Model Zoo Manager
There are three main concepts in PySDK: the AI inference engine, the AI model zoo, and the AI model. The AI inference engines perform inferences of AI models, while AI model zoos are places where these models are stored.
PySDK supports the following AI inference types:
-
Local inference: when the client application uses PySDK to directly communicate with the AI hardware accelerator installed on the same computer where this application runs.
-
AI Server inference: when the AI hardware accelerator is controlled by the DeGirum AI Server software stack, and the client application communicates with that AI Server to perform AI inferences. The client application and the AI server can run on two different computers connected to the same local network.
-
Cloud inference: when the client application communicates with the DeGirum Cloud Platform software over the Internet to perform AI inferences on the DeGirum Cloud Farm devices.
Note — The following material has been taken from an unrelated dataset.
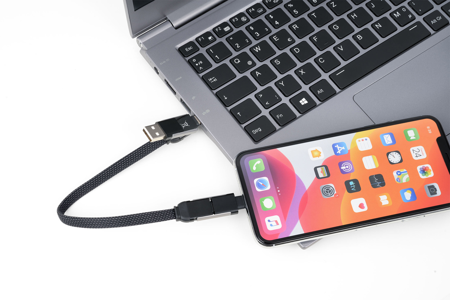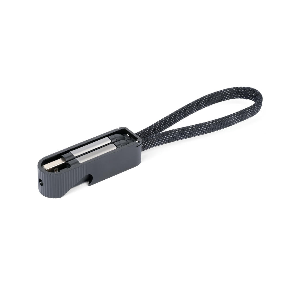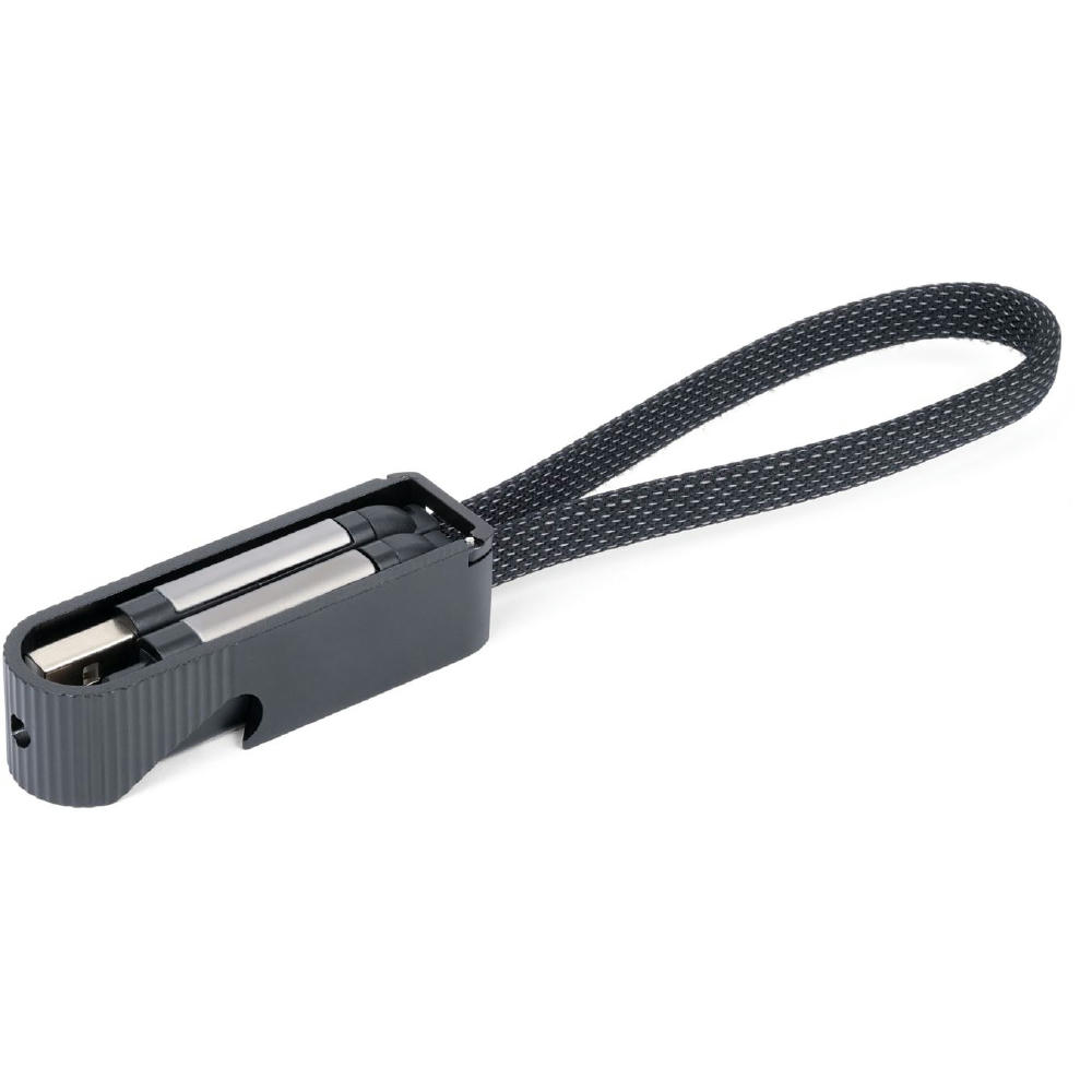 Schnellladekabel mit Flaschenöffner für unterwegs, USB/USB-C auf Lightning oder USB-C, mit Datenübertragungsfunktion, Kabel textilummantelt.

PySDK supports the following AI model zoo types:
-
Local model zoo: when the set of AI models is located in some local directory on the computer with AI hardware accelerator. In the case of the local inference, the local model zoo is located on the computer where you run your application. In the case of AI server inference the local model zoo is located on the computer where AI Server software is installed.
-
Cloud model zoo: when the set of AI models is located on the DeGirum Cloud Platform. You create and maintain cloud model zoos using DeGirum Cloud Platform web GUI. There are two types of cloud model zoos: public and private. A public model zoo is visible to all registers cloud users, while a private model zoo is visible only the the members of your organization.
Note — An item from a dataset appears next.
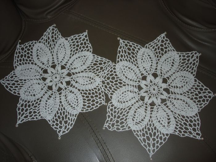 2 Ravissants Napperons crochetés et perlés en forme de fleur - photo numéro 1

Almost all combinations of AI inference type and model zoo type are supported by the PySDK:
- A cloud inference using a cloud model zoo
- An AI Server inference using a cloud model zoo
- An AI Server inference a using a local model zoo
- A local inference using a cloud model zoo
- A local inference using a local model zoo or a particular model from a local model zoo
Note: the combination of a cloud inference with a local model zoo is not supported.
The PySDK starting point is degirum.connect function, which creates and returns degirum.zoo_manager.ZooManager model zoo manager object. This function has the following parameters, which specify the inference type and the model zoo to use:
inference_host_address
: inference engine designator; it defines which inference engine to use.
For AI Server-based inference it can be either the hostname or IP address of the AI Server host,
optionally followed by the port number in the form host:port
.
For DeGirum Cloud Platform-based inference it is the string "@cloud"
or degirum.CLOUD constant.
For local inference it is the string "@local"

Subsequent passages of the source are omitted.